I just bought awesome red cherry shrimp from epicfish and was not aware how quickly they would clean the algae from the plants. Over night they must have been busy because the java is sparkling clean. :eek5:

Being worried they didn't have enough to eat, I put in an algae wafer. After they were already eating, I noticed the ingredient copper sulfate! What did I do? :icon_cry: I took the wafer out immediately, but they already ate some of it. It has been a few hours and they don't look abnormal. Are they going to be okay? 

Please help!

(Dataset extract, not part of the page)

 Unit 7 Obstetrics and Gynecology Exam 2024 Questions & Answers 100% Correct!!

This is my first time owning shrimp and cannot find anything but how deadly copper is. :frown:


----------



## wondabread (Apr 23, 2009)

sewingalot said:


> I just bought awesome red cherry shrimp from epicfish and was not aware how quickly they would clean the algae from the plants. Over night they must have been busy because the java is sparkling clean. :eek5:
> 
> Being worried they didn't have enough to eat, I put in an algae wafer. After they were already eating, I noticed the ingredient copper sulfate! What did I do? :icon_cry: I took the wafer out immediately, but they already ate some of it. It has been a few hours and they don't look abnormal. Are they going to be okay?
> 
> Please help! This is my first time owning shrimp and cannot find anything but how deadly copper is. :frown:


I believe I've read that the shrimpies need it for proper molting and shell development, just not too much. Copper is also in the Hikari shrimp food and the crab bites too iirc. I think you'll be fine, but I'm not a shrimpologist. Hopefully an expert can confirm.


----------



## imeridian (Jan 19, 2007)

With such a small amount there's not much to worry about. Do try to avoid copper sulfate though.

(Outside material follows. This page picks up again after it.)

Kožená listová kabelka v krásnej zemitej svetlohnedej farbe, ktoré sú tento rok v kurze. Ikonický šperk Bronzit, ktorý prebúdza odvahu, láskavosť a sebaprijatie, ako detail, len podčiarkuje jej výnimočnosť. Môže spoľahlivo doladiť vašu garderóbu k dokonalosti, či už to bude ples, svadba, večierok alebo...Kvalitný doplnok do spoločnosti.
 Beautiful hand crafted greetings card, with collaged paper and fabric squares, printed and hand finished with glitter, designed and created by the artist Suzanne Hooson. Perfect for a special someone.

Hikari algae wafers don't contain copper sulfate, nor do their micro wafers, crab cuisine, and sinking wafers. HBH Crab & Lobster bites do contain copper proteinate, but that is generally regarded as invert safe, and essential to their blood-like fluids, etc. 

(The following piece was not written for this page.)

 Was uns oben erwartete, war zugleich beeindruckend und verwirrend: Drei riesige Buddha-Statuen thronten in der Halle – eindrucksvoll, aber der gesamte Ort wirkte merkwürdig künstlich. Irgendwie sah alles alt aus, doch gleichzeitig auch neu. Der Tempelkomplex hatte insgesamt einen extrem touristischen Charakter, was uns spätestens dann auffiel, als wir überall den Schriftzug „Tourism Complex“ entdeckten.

<-- not an expert, but I play one on tpt... :icon_roll :icon_cool


----------



## wondabread (Apr 23, 2009)

imeridian said:


> With such a small amount there's not much to worry about. Do try to avoid copper sulfate though.
> 
> Hikari algae wafers don't contain copper sulfate, nor do their micro wafers, crab cuisine, and sinking wafers. HBH Crab & Lobster bites do contain copper proteinate, but that is generally regarded as invert safe, and essential to their blood-like fluids, etc.
> 
> <-- not an expert, but I play one on tpt... :icon_roll :icon_cool


That's what it was, blood, not shell. :thumbsup:


----------



## sewingalot (Oct 12, 2008)

Thanks you guys! I am relieved to hear this. In the meantime, I feel better about the mishap and threw in some more of George's algae covered java for them to eat.


----------



## southerndesert (Sep 9, 2007)

Just a tip:

Take care to not overfeed with shrimp as it could foul the water and cause sick shrimp. Only leave in tank what is eaten within an hour or two and remove the rest.


----------



## dindin (Mar 4, 2009)

southerndesert said:


> Just a tip:
> 
> Take care to not overfeed with shrimp as it could foul the water and cause sick shrimp. Only leave in tank what is eaten within an hour or two and remove the rest.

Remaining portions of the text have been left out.